DATA EXTRACT:
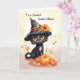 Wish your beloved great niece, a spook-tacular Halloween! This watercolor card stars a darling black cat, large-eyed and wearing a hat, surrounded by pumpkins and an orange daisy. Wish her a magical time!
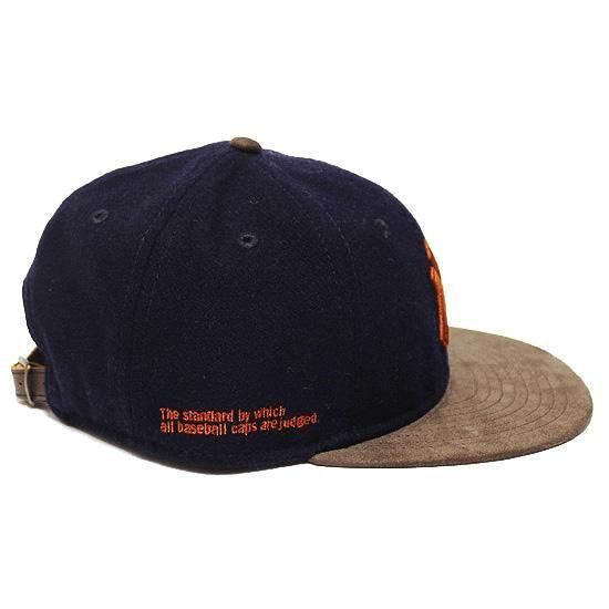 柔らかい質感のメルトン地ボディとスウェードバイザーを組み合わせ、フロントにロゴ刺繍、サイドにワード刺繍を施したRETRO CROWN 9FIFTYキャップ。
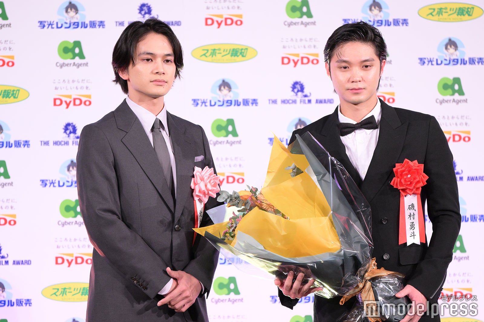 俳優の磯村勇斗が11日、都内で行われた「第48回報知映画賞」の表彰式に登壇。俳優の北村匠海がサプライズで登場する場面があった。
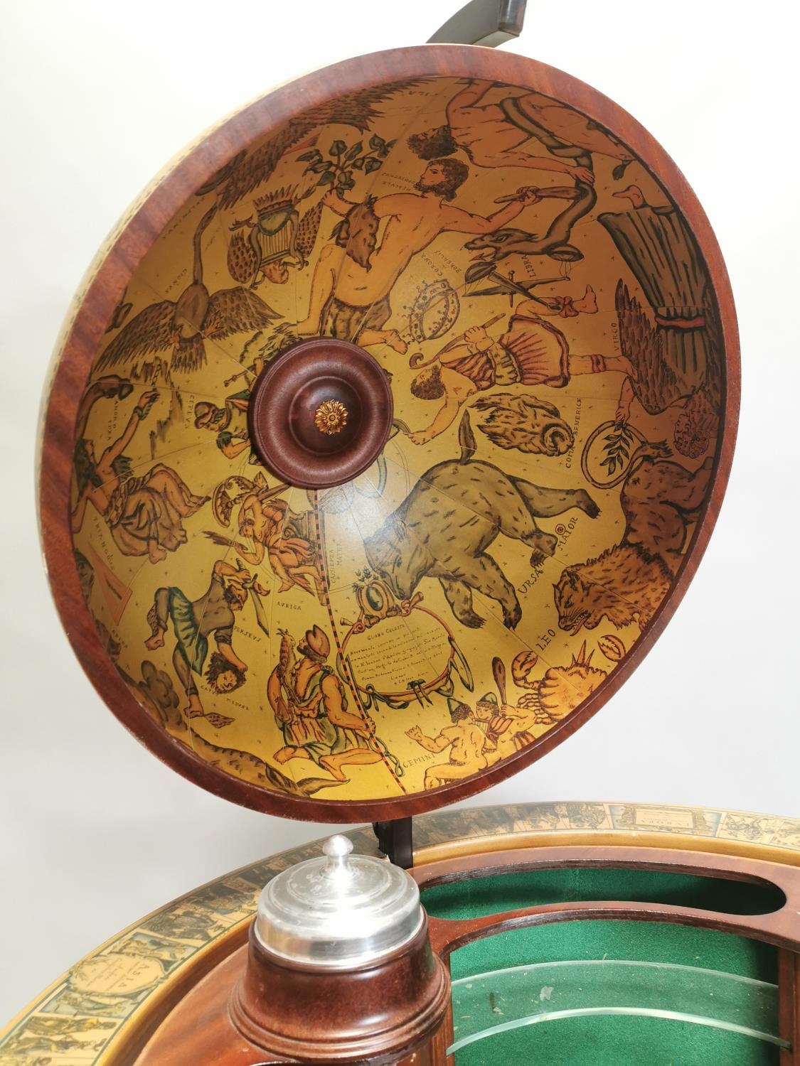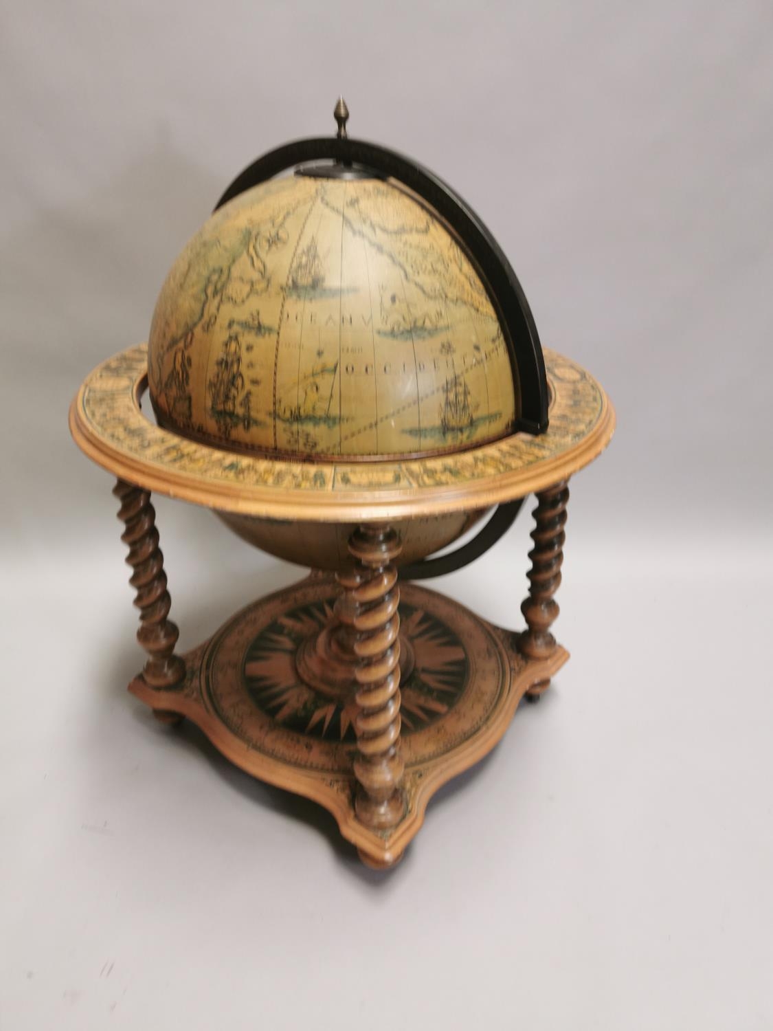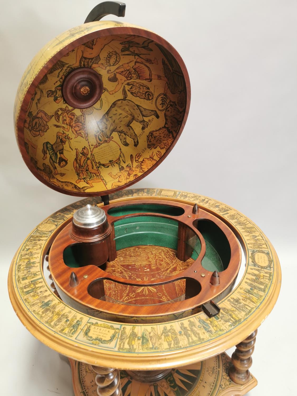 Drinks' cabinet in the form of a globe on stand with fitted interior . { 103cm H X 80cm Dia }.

WHAT TO DO: Copy out, with no pictures, the lines from the one containing "俳優の磯村勇斗が11日、都内" through the last line of the data above, both ends included and each word unchanged.

TASK ANSWER:
 俳優の磯村勇斗が11日、都内で行われた「第48回報知映画賞」の表彰式に登壇。俳優の北村匠海がサプライズで登場する場面があった。
 Drinks' cabinet in the form of a globe on stand with fitted interior . { 103cm H X 80cm Dia }.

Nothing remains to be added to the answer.